Tue, 04/12/2011 - 09:09 | 1161193 Watauga
Watauga's picture

Quasi--Silver could drop $5 this week.  OR, it could go to $50.  None of us knows.  What are facts are these:  $130T+ in debt/obligations, trillion dollar annual deficits, a 17% jobless rate, real estate in the sh*#ter, a government in Washington that thinks that raising taxes will help(!), a Fed that almost certainly will continue to weaken the dollar, instability in the MENA (what happens when the Muslim Brotherhood decides to hike fees for Suez Canal use by 1000%?), and a President hell-bent on guaranteeing that more than 50% of Americans are fully dependent upon the federal government for subsistence.  Now, how does any of that, long term, negatively impact silver and gold prices?  None of it does.  Silver and gold, long term, are going to $100 and $5000, respectively, so $5 this week, one way or another, does not matter. 

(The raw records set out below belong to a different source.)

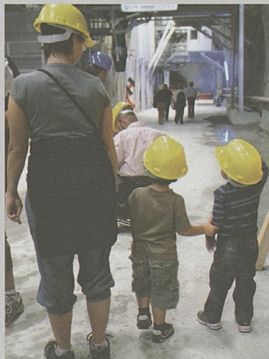
Giornata delle porte aperte: un appuntamento per grandi e piccini.

Come da tradizione, anche quest'anno AlpTransit San Gotardo SA aprirà i cancelli dei suoi cantieri a tutte le persone che vogliono avvicinarsi a questo grande progetto. La giornata delle porte aperte è prevista per sabato 10 settembre 2011 nei cantieri del Nodo di Camorino e del Ceneri (portale nord). Per grandi e piccini ci sarà dunque la possibilità di accedere dal portale nord alla Galleria di base del Ceneri, di scoprire il funzionamento dell'impianto di depurazione delle acque oppure di approfondire gli aspetti ambientali con l'accompagnatore ambientale.
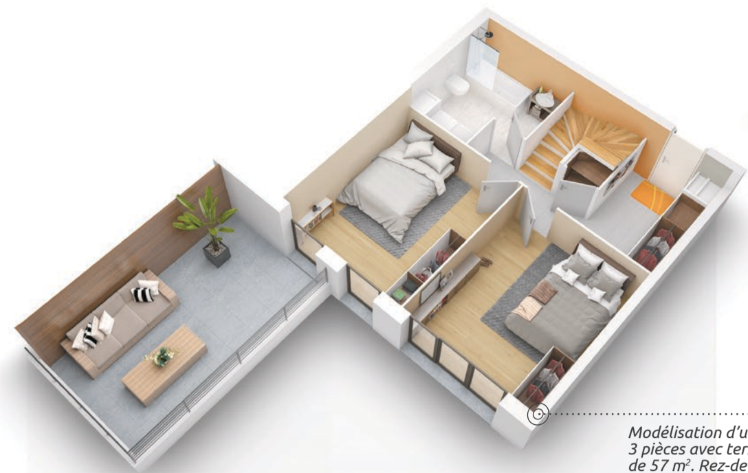
Modélisation d'un appartement 3 pièces avec terrasse et rooftop de 57 m 2 . Rez-de-chaussée.
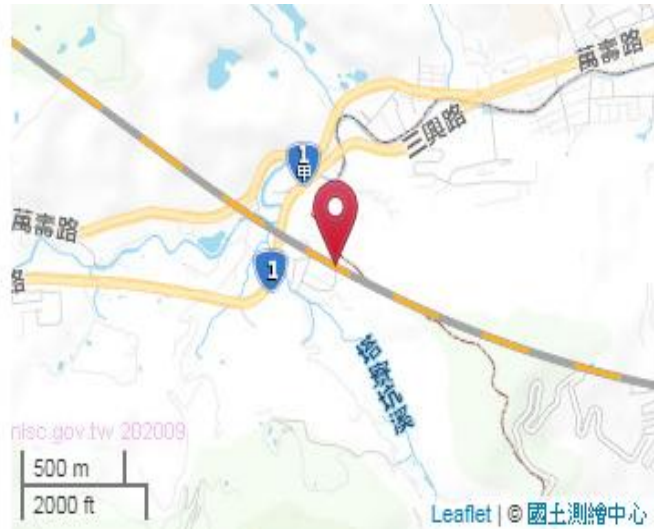
點位略圖(1/25000) 圖名：圖號：
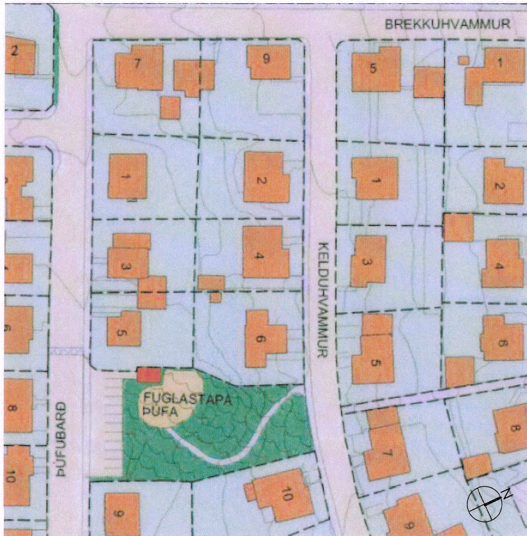
FYRIR BREYTINGU - Í GILDI FRÁ 03.07.2003

Tue, 04/12/2011 - 03:20 | 1160746 HungrySeagull
HungrySeagull's picture

No need to buy, pick a spot on some land somewhere and stick a shovel into it until you find some silver. Maybe the old Comstock might have a few leftovers.

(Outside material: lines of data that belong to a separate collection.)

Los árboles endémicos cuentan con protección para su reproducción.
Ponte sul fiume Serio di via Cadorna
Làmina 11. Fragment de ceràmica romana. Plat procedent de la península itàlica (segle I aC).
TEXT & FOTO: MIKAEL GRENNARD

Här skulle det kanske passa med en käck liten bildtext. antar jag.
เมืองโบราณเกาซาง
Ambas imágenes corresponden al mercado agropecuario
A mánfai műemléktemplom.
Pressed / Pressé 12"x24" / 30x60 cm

Tue, 04/12/2011 - 06:33 | 1160864 RogueFit
RogueFit's picture

Math Man, I purchased some puts when silver was 37 and exited at 34 on most of them the remaining are pretty much to zero.  However, now I see the value of reloading those puts...the prices are 1/3 cheaper and a 2 dollar drop in silver will double my investment.

 

I want to also let you know, I value your insight.  Please continue posting you have been a breath of fresh air.

 

RogueFit

Tue, 04/12/2011 - 09:01 | 1161166 Watauga
Watauga's picture

I was following some cycles and some analysts who were following cycles, and I reached the conclusion, in Feburary, that we would see $1225 gold and $23 silver by the end of March.  I then held on for a few more weeks, sure that both gold and silver had to pull back from what seemed like grossly high levels.  Of course, by doing so, I only watched both go higher.  Finally, I bought in on Friday, at about $1465 gold and $40 silver.  And yes, I knew, when I bought, that I would be at risk to have entered at a short-term peak.  But the risk of both going higher was just as great as the risk of a dip.  So, since I firmly believe that this is a long-term BULL, I figured I would go ahead and get in and ride it out to what I expect will be $5000 gold and $100 silver--by 2016.  Sure, there will be pullbacks, and if I have cash to put into them on the pullbacks, I will do so.  But I missed huge gains by waiting for a short-term pullback--never again.